What you will do:
An exact copy of the listing below is needed, with no pictures in it.

Extracted material:
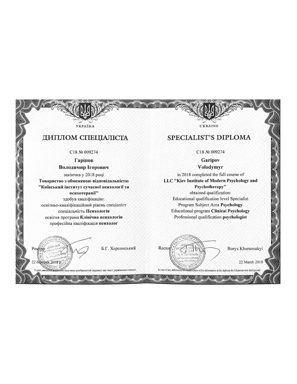 - Ступінь з клінічної психології – Київський Інститут Сучасної Психології та Психотерапії. Диплом № C18№009274.
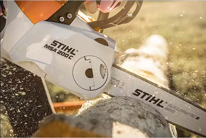No pulling on cords, fuel mixing or complicated startup procedures. With the MSA 200 C-B chainsaw, just squeeze the trigger and start cutting. In addition to easy starting, our battery powered tools produce zero exhaust emissions and are quieter than their gasoline-powered counterparts, making them an ideal choice for areas with emission or noise restrictions. Powered by an interchangeable STIHL Lithium-Ion battery, this chainsaw delivers the speed, cutting capacity, and run time to take on just about any cutting job on your property. The STIHL MSA 200 C-B is a cordless chainsaw tough enough to carry the name STIHL.
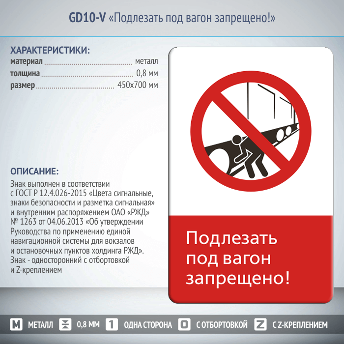 Знак «Подлезать под вагон запрещено!», GD10-V (односторонний вертикальный, 450х700 мм, металл, с отбортовкой и Z-креплением) в Магнитогорске купить
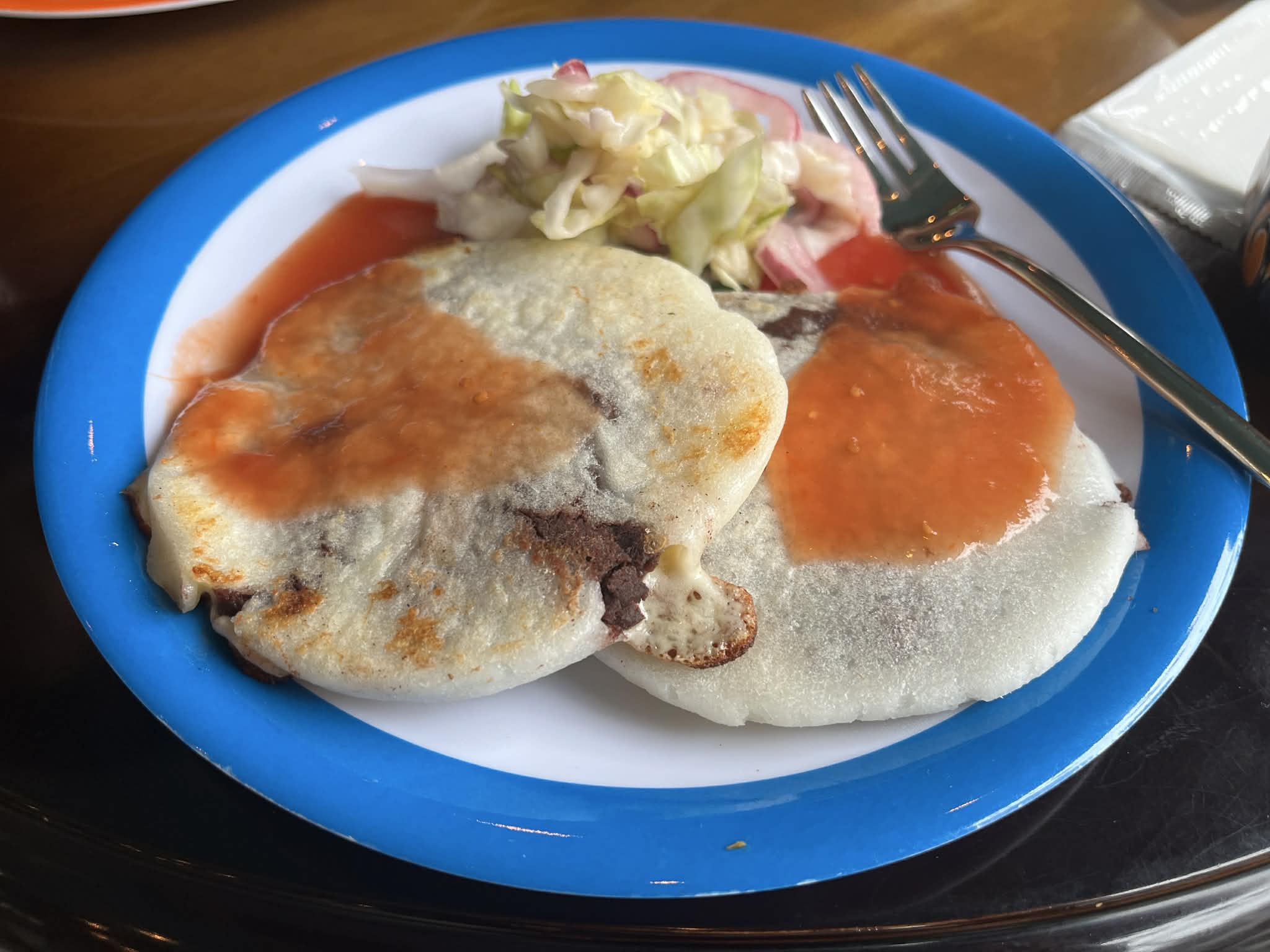 次に向かったのは、中米産コーヒー専門店「カフェテナンゴ」。前職はカフェオーナーをされていたご主人おすすめのお店です。コーヒー通も満足できるコーヒーがいただけるのはもちろん、めずらしい南米・エルサルバドル料理のププサ(トウモロコシから作られた生地に、豆のペーストやチーズ、肉など具材を包み平にして焼いた料理)もいただきました。店内はラテンの雰囲気が楽しげです。
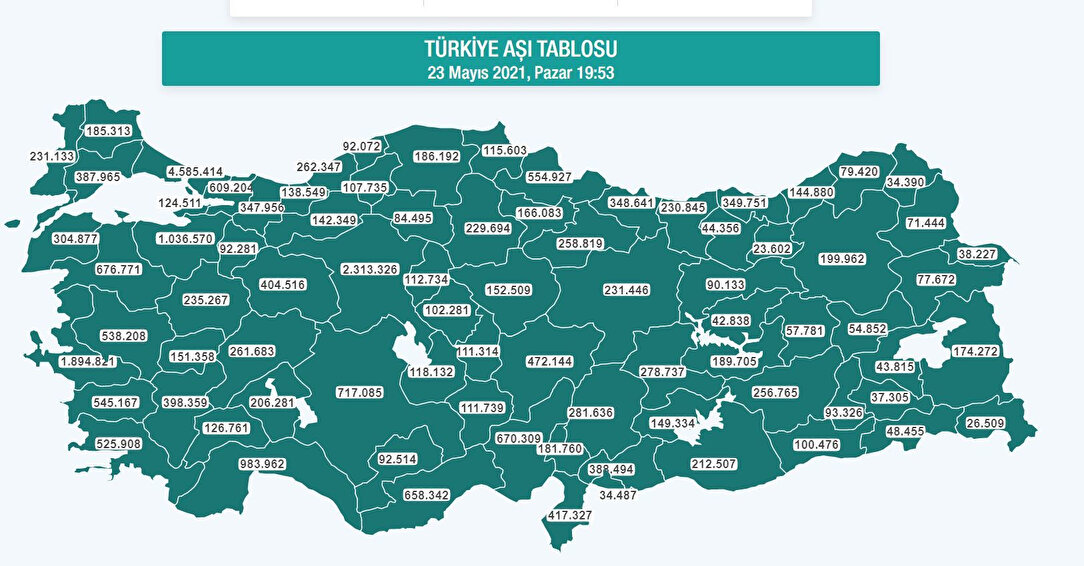 Haritaya göre, İstanbul'dan 4 milyon 585 bin 414, Ankara'da 2 milyon 313 bin 326 ve İzmir'de ise 1 milyon 894 bin 821 doz koronavirüs aşısı uygulandı.
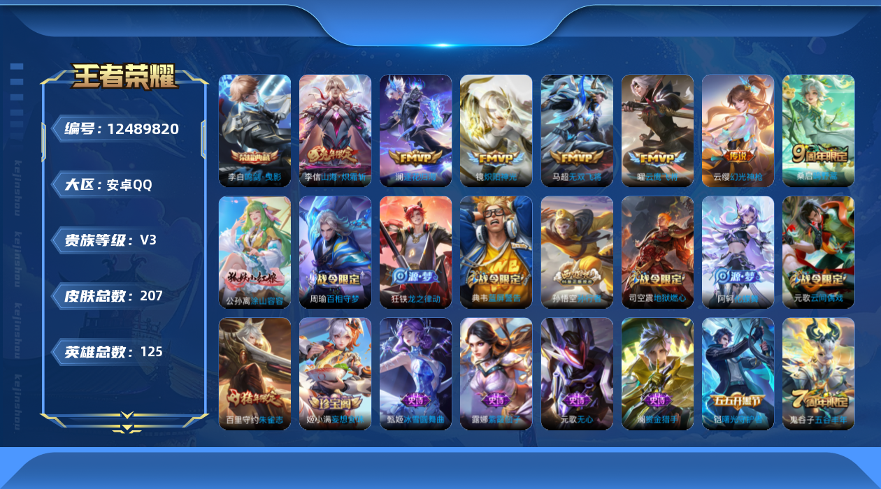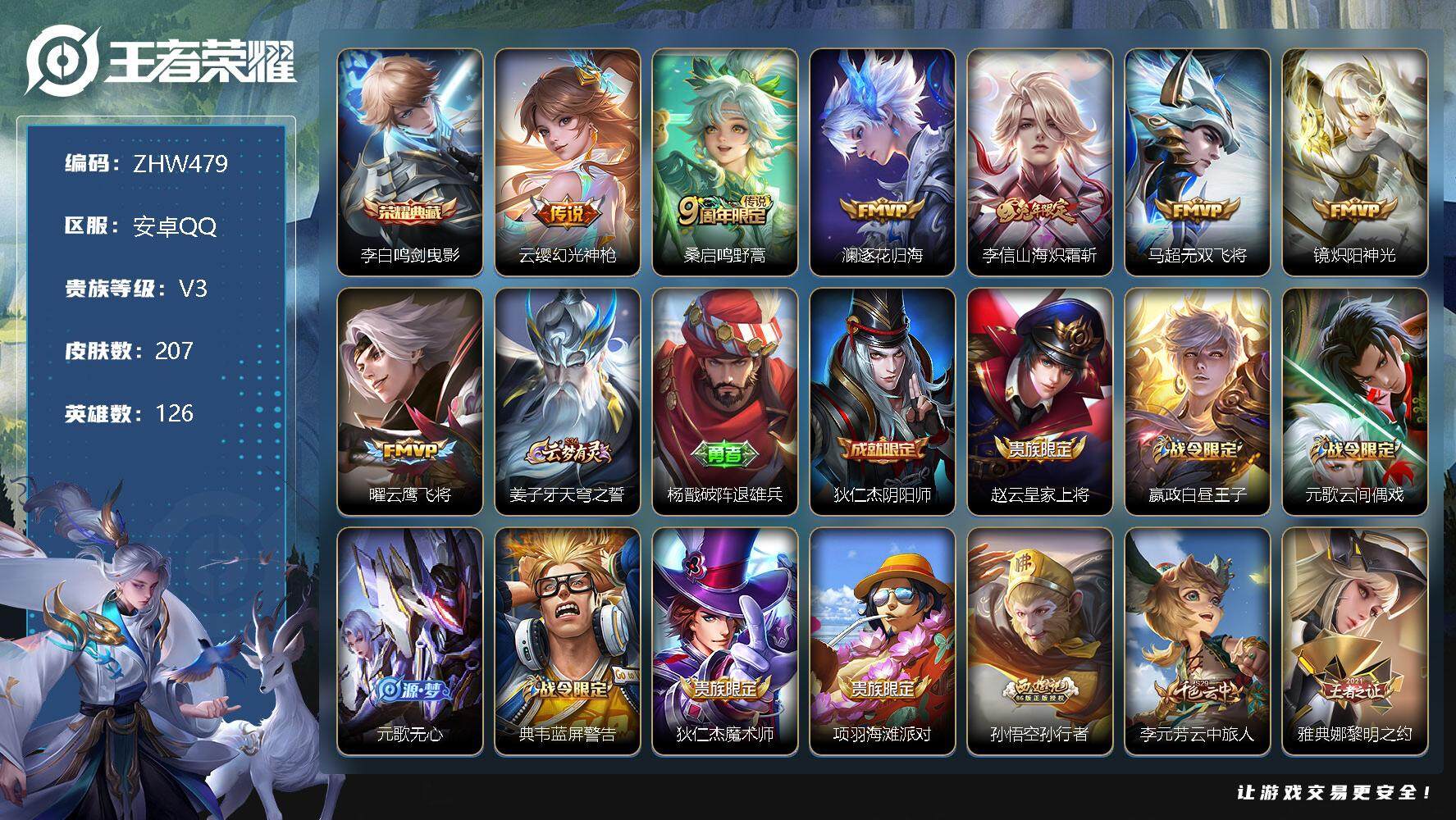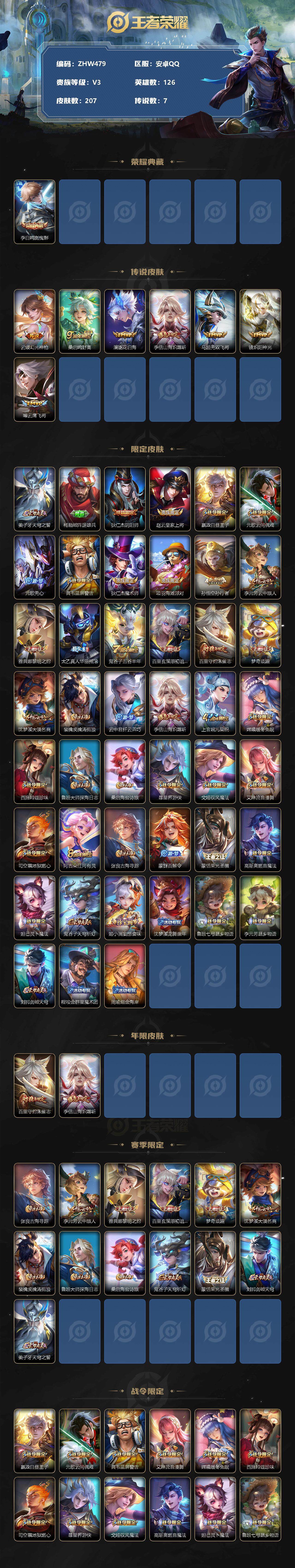[12489820]【特价急出/详情看图】:安卓Q-V3-最强王者段位-126英雄-207皮肤-1典藏-7传说-55史诗
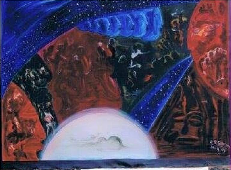 This painting was created in the year 2009 and it took 1 and half month to complete this painting.The artist was so impressed by the universe so he usedhis imagination to make the same human art on the painting. In this he has used the navy blue colour to make the galaxy and in this with the use of ...
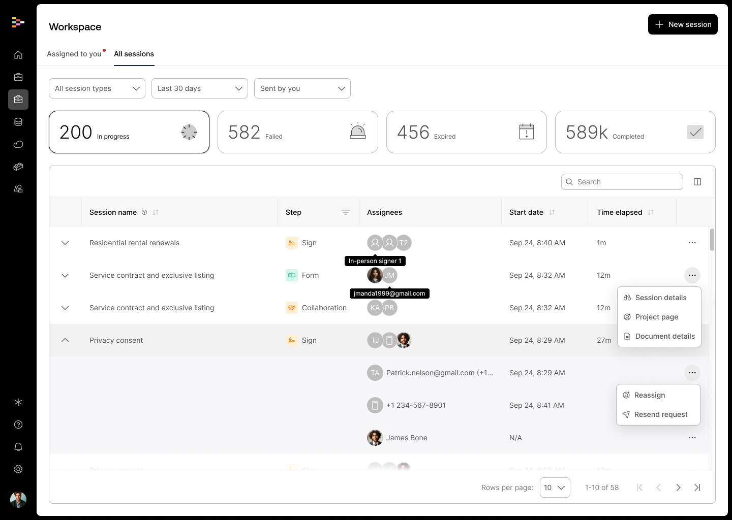- Role-based access controls: Quick Send & Workspace is available to all Streamline user roles. The All Sessions view is perfect for Administrators who are looking to maintain visibility across all workflows. Note that Managers, Builders, and Operators can see all Quick Send sessions; however, they will only see other project-related sessions in the Workspace that are associated with projects that they already have access to.
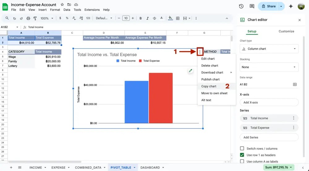 ให้เรากดสัญลักษณ์ 3 จุดที่มุมขวาของ chart แล้วเลือก Copy chart จากนั้นก็ลบ chart ในหน้าชีท PIVOT_TABLE ได้เลย
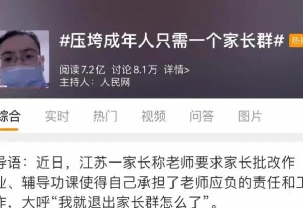 視頻里這位寶爸帶著口罩,隔空對(duì)孩子的老師喊話:“我就退出家長群怎么了,你們老師上課不用心教,下課叫家長幫忙批改作業(yè),那要老師干什么?”
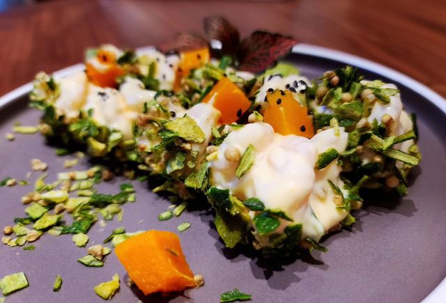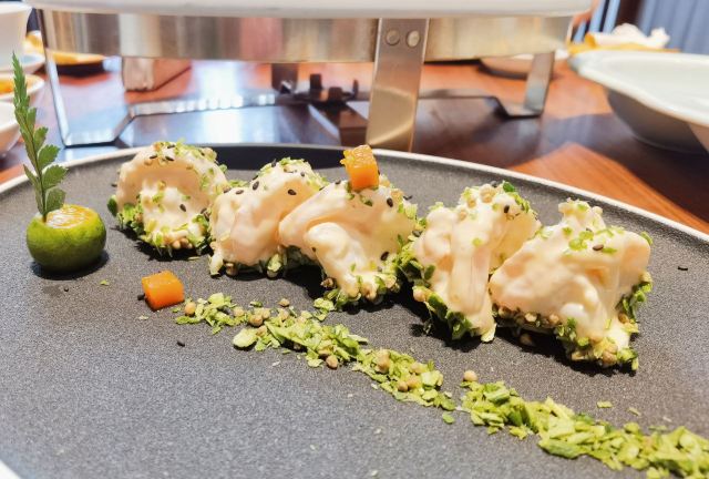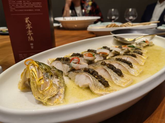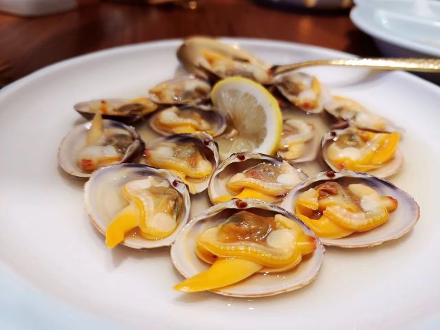原汁海胆水饺,奇妙虾球,原汁黄蚬子,开胃小菜,豆腐海胆汤,文火煨牛小排,金勾白菜,葱油活大连鲍,辣椒炒活辽参,东沟蟹香炒本鸡蛋,海胆水饺,生腌大红虾,家焖龙利鱼,去湿茶,香炒鸡蛋蟹,肉沫海参水饺,焦糖豆花,雪菜蒸黄花鱼
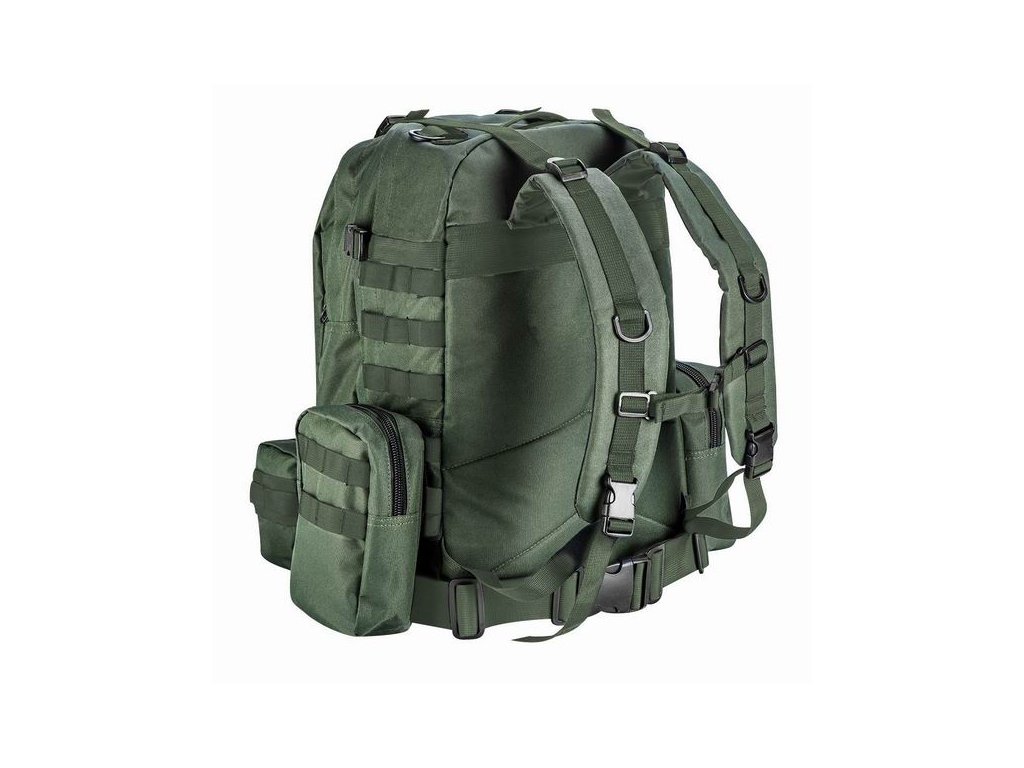 Pohodlný survival batoh s prostornou hlavní kapsou určený pro všechny, kteří rádi tráví čas aktivně na cestách za přežitím. Batoh pojme a zajistí náklad 40 l. Pro pohodlí při skladování jsou do něj umístěny další tašky: dvě malé boční tašky a jedna střední taška. Tašky lze odepnout a střední taška má přídavný ramenní popruh. Batoh se díky svému designu extrémně pohodlně používá. Má nastavitelné ramenní popruhy, nastavitelný hrudní a bederní pás a také boční a horní lemy.
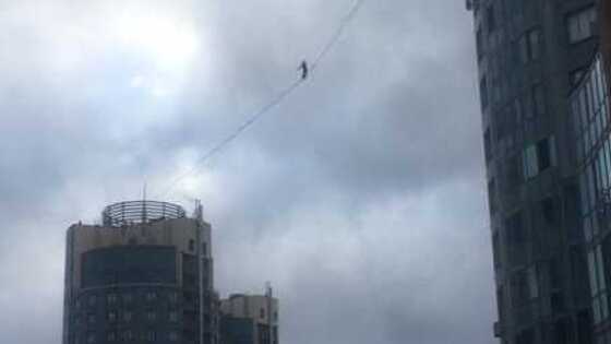 Петербургские канатоходцы сорвались, однако их выручила страховка. Видео
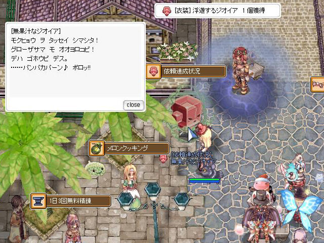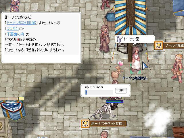 なお、「夢幻の迷宮」へ挑戦する際の回復アイテムについてもぷちイベントが行われています。おなじみ「ドーナツお姉さんの出張販売!」が開催中。「子悪魔の角」または「ブリガン」を3個 or 9個渡すことで、いわゆる3%回復剤の「チョコレートドーナツ」を入手することができます。
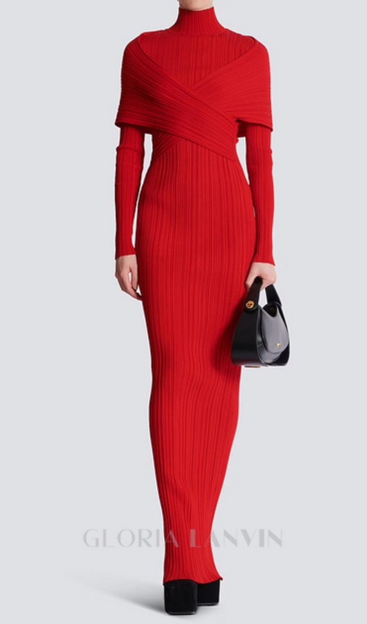 long sleeve pleated knit maxi dress in red
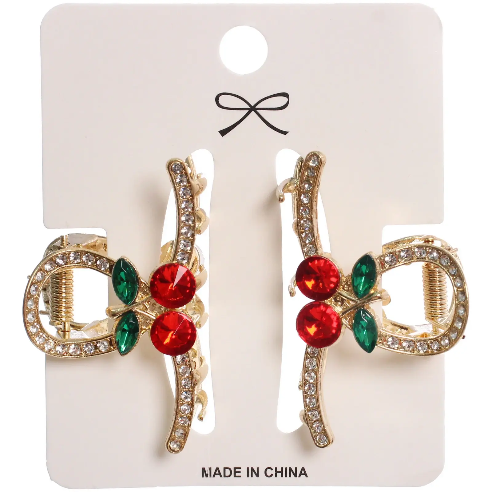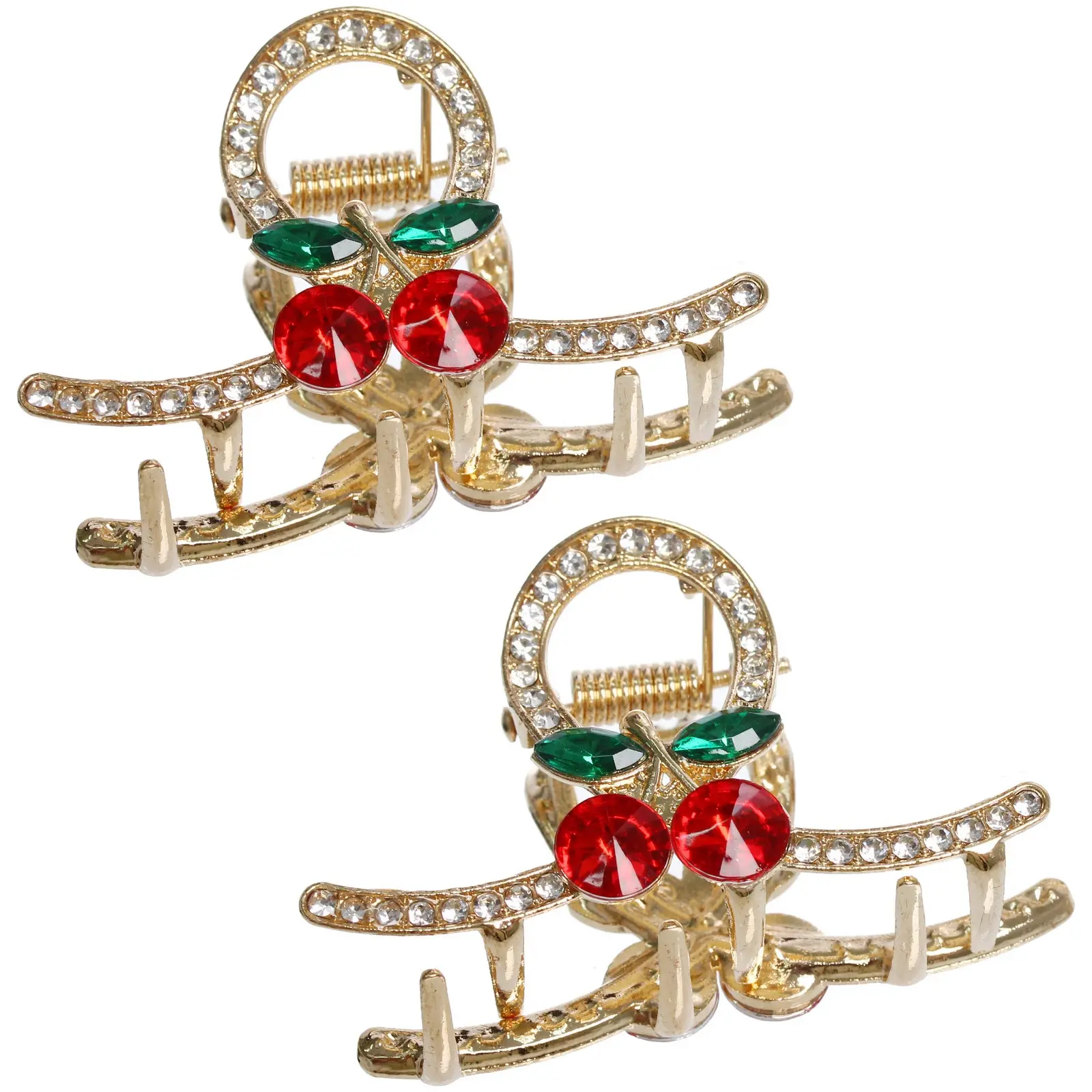 Заколка-краб «AKS - DesignPRO», вишенки, цвет микс золото/хром, набор 2 шт., 5.5*3см, металл

Solution below:
 - Ступінь з клінічної психології – Київський Інститут Сучасної Психології та Психотерапії. Диплом № C18№009274.
No pulling on cords, fuel mixing or complicated startup procedures. With the MSA 200 C-B chainsaw, just squeeze the trigger and start cutting. In addition to easy starting, our battery powered tools produce zero exhaust emissions and are quieter than their gasoline-powered counterparts, making them an ideal choice for areas with emission or noise restrictions. Powered by an interchangeable STIHL Lithium-Ion battery, this chainsaw delivers the speed, cutting capacity, and run time to take on just about any cutting job on your property. The STIHL MSA 200 C-B is a cordless chainsaw tough enough to carry the name STIHL.
 Знак «Подлезать под вагон запрещено!», GD10-V (односторонний вертикальный, 450х700 мм, металл, с отбортовкой и Z-креплением) в Магнитогорске купить
 次に向かったのは、中米産コーヒー専門店「カフェテナンゴ」。前職はカフェオーナーをされていたご主人おすすめのお店です。コーヒー通も満足できるコーヒーがいただけるのはもちろん、めずらしい南米・エルサルバドル料理のププサ(トウモロコシから作られた生地に、豆のペーストやチーズ、肉など具材を包み平にして焼いた料理)もいただきました。店内はラテンの雰囲気が楽しげです。
 Haritaya göre, İstanbul'dan 4 milyon 585 bin 414, Ankara'da 2 milyon 313 bin 326 ve İzmir'de ise 1 milyon 894 bin 821 doz koronavirüs aşısı uygulandı.
[12489820]【特价急出/详情看图】:安卓Q-V3-最强王者段位-126英雄-207皮肤-1典藏-7传说-55史诗
 This painting was created in the year 2009 and it took 1 and half month to complete this painting.The artist was so impressed by the universe so he usedhis imagination to make the same human art on the painting. In this he has used the navy blue colour to make the galaxy and in this with the use of ...
- Role-based access controls: Quick Send & Workspace is available to all Streamline user roles. The All Sessions view is perfect for Administrators who are looking to maintain visibility across all workflows. Note that Managers, Builders, and Operators can see all Quick Send sessions; however, they will only see other project-related sessions in the Workspace that are associated with projects that they already have access to.
 ให้เรากดสัญลักษณ์ 3 จุดที่มุมขวาของ chart แล้วเลือก Copy chart จากนั้นก็ลบ chart ในหน้าชีท PIVOT_TABLE ได้เลย
 視頻里這位寶爸帶著口罩,隔空對(duì)孩子的老師喊話:“我就退出家長群怎么了,你們老師上課不用心教,下課叫家長幫忙批改作業(yè),那要老師干什么?”
原汁海胆水饺,奇妙虾球,原汁黄蚬子,开胃小菜,豆腐海胆汤,文火煨牛小排,金勾白菜,葱油活大连鲍,辣椒炒活辽参,东沟蟹香炒本鸡蛋,海胆水饺,生腌大红虾,家焖龙利鱼,去湿茶,香炒鸡蛋蟹,肉沫海参水饺,焦糖豆花,雪菜蒸黄花鱼
 Pohodlný survival batoh s prostornou hlavní kapsou určený pro všechny, kteří rádi tráví čas aktivně na cestách za přežitím. Batoh pojme a zajistí náklad 40 l. Pro pohodlí při skladování jsou do něj umístěny další tašky: dvě malé boční tašky a jedna střední taška. Tašky lze odepnout a střední taška má přídavný ramenní popruh. Batoh se díky svému designu extrémně pohodlně používá. Má nastavitelné ramenní popruhy, nastavitelný hrudní a bederní pás a také boční a horní lemy.
 Петербургские канатоходцы сорвались, однако их выручила страховка. Видео
 なお、「夢幻の迷宮」へ挑戦する際の回復アイテムについてもぷちイベントが行われています。おなじみ「ドーナツお姉さんの出張販売!」が開催中。「子悪魔の角」または「ブリガン」を3個 or 9個渡すことで、いわゆる3%回復剤の「チョコレートドーナツ」を入手することができます。
 long sleeve pleated knit maxi dress in red
 Заколка-краб «AKS - DesignPRO», вишенки, цвет микс золото/хром, набор 2 шт., 5.5*3см, металл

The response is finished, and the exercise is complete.